What is Real Property?

Cullen P. Watson, Esq.

What is Real Property?  A Legal Definition.

 

Real Property, Black's Law Dictionary (10th ed. 2014). 

 

real property (18c) Land and anything growing on, attached to, or erected on it, excluding anything that may be severed without injury to the land. • Real property can be either corporeal (soil and buildings) or incorporeal (easements). — Also termed realty; real estate. Cf. personal property (1).

“Real estate — or, to use the more formal term, real property — means primarily land, and everything which is naturally a part of the land, or is more or less permanently added to it. Trees, mineral deposits, gas and oil wells are all classed as real property so long as they remain a part of the land, but if the trees are cut down or the minerals extracted they cease to be real property and become personalty. Buildings and improvements of all kinds, which are permanent additions to the land upon which they stand, are a part of the real estate.” William J. Grange, Real Estate: A Practical Guide to Ownership, Transfer, Mortgaging, and Leasing of Real Property 3 (1937).
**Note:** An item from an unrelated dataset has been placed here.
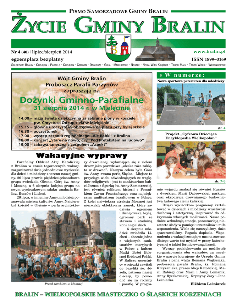 PISMO SAMORZĄDOWE GMINY BRALIN ŻYCIE GMINY BRALIN Nr 4 (40) | lipiec/sierpień 2014 www.bralin.pl egzemplarz bezpłatny ISSN 1899–0169 SOŁECTWA: BRALIN · CHOJĘCIN - PARCELE · CHOJĘCIN · CZERMIN · DZIAŁOSZE · GOLA · MNICHOWICE · NOSALE · NOWA WIEŚ KSIĄŻĘCA · TABOR MAŁY · TABOR WIELKI · WERONIKOPOLE Wójt Gminy Bralin Proboszcz Parafii Parzynów zapraszają na W numerze: Nowa sportowa przestrzeń dla młodzieży Dożynki Gminno-Parafialne 31 sierpnia 2014 r. w Mielęcinie 14.00 – msza święta dziękczynna za zebrane plony w kościele pw. Chrystusa Odkupiciela w Mielęcinie 15.15 – główne uroczystości obrzędowe na placu przy byłej szkole 16.30 – poczęstunek 17.00 – występ zespołu regionalnego „Ale Babki” z Bralina 18.00 – koncert „Stare na nowo, czyli Pod Pretekstem na ludowo” 19.00 – zabawa taneczna z zespołem „Aspekt” str. 4 Projekt „Cyfrowa Dziecięca Encyklopedia Wielkopolan” Wakacyjne wyprawy Parafialny Oddział Akcji Katolickiej z Bralina w czasie tegorocznych wakacji zorganizowałdwiejednodniowewycieczki dladzieciimłodzieżyzterenunaszejgminy. 26 lipca prawie pięćdziesięcioosobowa grupa zwiedzała Olesno, Górę św. Anny i Mosznę, a 6 sierpnia kolejna grupa na swymwycieczkowymszlakuznalazłaKalisz,RussówiLicheń. 26lipca,wimieninyAnny,młodzieżpoznawałamiejscakultuśw.Anny.Najpierw był kościół w Oleśnie – perła architektu- ry drewnianej, wyłaniająca się z zieleni drzewjakoprawdziwa„oleskaróżazaklęta w drewno”. Naszym celem była Góra św.Anny,zwanaperłąŚląska.Miejsceto przyciągawieluodwiedzającychzewzględówreligijnych–jesttosanktuariumbabciJezusazfigurkąśw.AnnySamotrzeciej, jest również reliktem historii z Pomnikiem Czynu Powstańczego oraz największym amfiteatrem bazaltowym w Polsce. Z kolei największą atrakcją Mosznej jest niezwykły eklektyczny zamek, który zadziwia ogromem i disnejowskąbryłą, ogromny park ze stawem i stadniną koniangielskich. 6 sierpnia młodzież zwiedziła Licheń–obecniejedno z większych sanktuariów maryjnych w Polsce z kultem Matki Bożej BolesnejKrólowejPolski. W Kaliszu uczestnicywycieczkizawitali do bazyliki św. Józefa, patrona naszej diecezji, by pomodlić się za rodziny Przed zamkiem w Mosznej i parafię. W progra- str. 7-8 mie wyjazdu znalazł się również Russów z dworkiem Marii Dąbrowskiej, parkiem oraz ekspozycją drewnianego budownictwaludowegoziemikaliskiej. Dzięki wycieczkom pragniemy kształtować w dzieciach i młodzieży wrażliwość duchową i estetyczną, inspirować do odkrywania własnych możliwości. Nasze podróżewzbudzająemocje,pozostawiająniezatarteśladywpamięciuczestnikówimiłe wspomnienia.Wielesięnauczyliśmy,dużo spacerowaliśmy. Pogoda dopisała. Wspomnieniazwakacjizostająw nasnazawsze, dlategowartoteżmyślećwpracykatechetycznejotakiejformieewangelizacji. Wyrazy podziękowania za możliwość zorganizowania obu wyjazdów, za wszelkiewsparciekierujemydoUrzęduGminy Bralin i pana wójta Romana Wojtysiaka, proboszcza parafii Bralin, ks. Romana Krzyżaniaka,prezesAkcjiKatolickiej,Marii Rabiegi oraz Marii i Anny Lemanik, AnnyRyczkowskiej,KrystynyŻaryiJana Leśniarka. Elżbieta Leśniarek BRALIN – WIELKOPOLSKIE MIASTECZKO O ŚLĄSKICH KORZENIACH Z życia urzędu 2 Inwestycje, które ruszą niebawem Rozbudowa sieci kanalizacji sanitarnej Jeszcze w tym roku mieszkańcy ulicy Kępińskiej i Rzemieślniczej w Bralinie będą mieli możliwość podłączenia swoich gospodarstw domowych do sieci kanalizacji sanitarnej. Inwestycja ta jest możliwa dzięki pozyskanym przez samorząd środkom finansowym pochodzącym z Unii Europejskiej w ramach działania „Podstawowe usługi dla gospodarki i ludności wiejskiej” objętego PROW na lata 2007-2013. A jej celem jest poprawa jakości życia i zdrowia mieszkańców oraz poprawa stanu środowiska naturalnego na terenach zurbanizowanych. Na początku lipca wójt gminy Bralin Roman Wojtysiak przy kontrasygnacie skarbnik Grażyny Mosch podpisał umowę z Samorządem Województwa Wielkopolskiego na dofinansowanie inwestycji pn. „Rozbudowa sieci kanalizacji sanitarnej w miejscowości Bralin”. Umowa dofinansowania opiewa na kwotę 451 tys. zł. W połowie sierpnia ogłoszony został przetarg na roboty budowlane. Prace rozpoczną się niezwłocznie po wyłonieniu wykonawcy robót, tak, by do końca roku mieszkańcy mogli korzystać z przyłącza kanalizacyjnego. Już wkrótce budynek czekają duże zmiany wewnątrz i na zewnątrz Budowa chodnika w Nowej Wsi Książęcej 13 sierpnia br. Gmina Bralin ogłosiła zapytanie ofertowe na budowę chodnika w Nowej Wsi Książęcej przy drodze powiatowej nr 5682 P i nr 6680 P. Jesienią mieszkańcy bloków i posesji usytuowanych przy drodze w kierunku Żurawińca będą mogli bezpiecznie przemieszczać się wzdłuż drogi powiatowej. Tabor Mały otrzyma wyposażenie kuchni Niebawem do szkoły, kościoła i sklepu wreszcie wiódł będzie chodnik Po wcześniejszych uzgodnieniach z Powiatem Kępińskim i Powiatowym Zarządem Dróg w Kępnie, zawartymi porozumieniami i podjętymi uchwałami powiat przekazał na ten cel dotację w wysokości 25 tys. zł. Reszta środków niezbędnych do przeprowadzenia tej inwestycji pochodzić będzie z budżetu Gminy Bralin. Chodnik z kostki betonowej zostanie wybudowany na odcinku 0,25 km, a jego szerokość wynosić będzie zasadniczo 1,65 m. Jeszcze w sierpniu powinniśmy znać wykonawcę tych robót. Zgodnie z zapytaniem ofertowym pożądany termin realizacji zamówienia to 10 października br., a nieprzekraczalny czas wykonania robót to 7 listopada. Zakres inwestycji obejmuje budowę chodnika, przebudowę zjazdów, odwodnienie oraz wykonanie nowego oznakowania pionowego i poziomego. Budowa chodnika poprawi komfort ruchu pieszych, ale przede wszystkim będzie miała wpływ na bezpieczeństwo ruchu przy drodze powiatowej. Inwestycje w Taborze Wielkim i Taborze Małym 23 lipca br. w drodze

“Historically, the line between real and personal property stems from the types of assets administered on death respectively, in the king's and in the church's courts. The king's courts, concerned with the preservation of the feudal structure, dealt with fees simple, fees tail and life estates. Estates for years, gradually evolving out of contracts made by feudally unimportant persons, clearly became interests in land but never fully attained the historical dignity of being ‘real property.’ The early economic unimportance of money, goods and things other than land permitted the church courts to take over the handling of all such assets on the death of the owner. When the development of trade and of capitalism caused assets of these types to assume great, and sometimes paramount, importance we found ourselves with the two important categories of property, namely ‘real’ and ‘personal’ property, each with its set of rules evolved from a different matrix. The pressure of modern society has been strongly for assimilation and the resultant elimination of this line, but this movement is far from complete attainment of its goal.” 1 Richard R. Powell, Powell on Real Property § 5.04, at 5-7 to 5-8 (Patrick J. Rohan ed., rev. ed. 1998).